After launching a Distributed Denial of Service (DDoS) attack in 2014 against US children’s hospitals on behalf of an anonymous hacker collective, Massachusetts resident Martin Gottesfeld, 34, received a sentence of 10 years in prison, according to ZDNet. He is also required to pay $443,000 in restitution for damages. He couldn’t have carried out the crime without the assistance of a botnet made up of over 40,000 internet routers.
The attack was a part of the #OpJustina campaign, which aimed to raise public interest around the case of Justina Pelletier, in which Boston’s Children Hospital medical staff made controversial decisions to separate Pelletier, who was diagnosed with a rare mitochondrial disease in 2013, from her family due to a more recent psychiatric diagnosis. The Anonymous hacker collective and Gottesfeld himself heavily backed the movement to defend Pelletier and reunite her with her parents, who a juvenile court judge claimed were “harmfully interfering in her care,” according to Mitochondrial Disease News.

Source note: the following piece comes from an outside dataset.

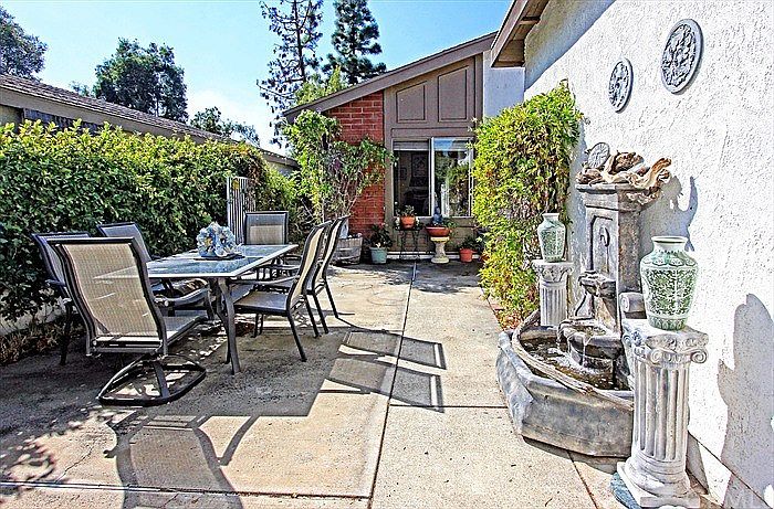 There's no place like home! This charming residence occupies a peaceful cul-de-sac position near the desirable Carl Hankey schools. Upon entering the front gate, the quiet, private courtyard with tranquil waterfall feature will help you forget your daily stress. Opening up the front door reveals a bright, open living room with a cathedral ceiling and unique stamped concrete flooring, a freshly painted, spacious kitchen/dining area with updated tile flooring and inside laundry, updated flooring can be found in the guest bathroom, a master bedroom complete with ensuite, two more bedrooms with one opening up to the serene front patio, cooling air conditioning for the summer heat, a lush backyard with calming birds chirping amongst the lemon and plum trees and retains the value of peaceful living while being conveniently close to the Shops of Mission Viejo, Hospital and newly appointed Shuttle.

Pelletier was reunited with her family in 2014, but Gottesfeld sought revenge on the hospital’s controversial decision by launching DDoS attacks against the Wayside Youth and Family Support Network, a Framingham-based mental health counseling clinic where Pelletier was held, Boston Children’s Hospital, and other Longwood Medical Area hospitals. The attacks kept Boston Children’s Hospital offline for days, disrupting day-to-day operations and research abilities.
Gottesfeld was found guilty last August of one count of conspiracy to damage protected computers and one count of damaging protected computers, which put him up against the possibility of five years in prison for the conspiracy charge and another ten years for damaging protected computers.
Dana Gottesfeld, his wife, says that they plan to appeal. The two originally tried to flee to Cuba in a rented boat, but failed and were rescued from the Gulf of Mexico by a Disney cruise ship that answered their SOS call and brought them back to the States.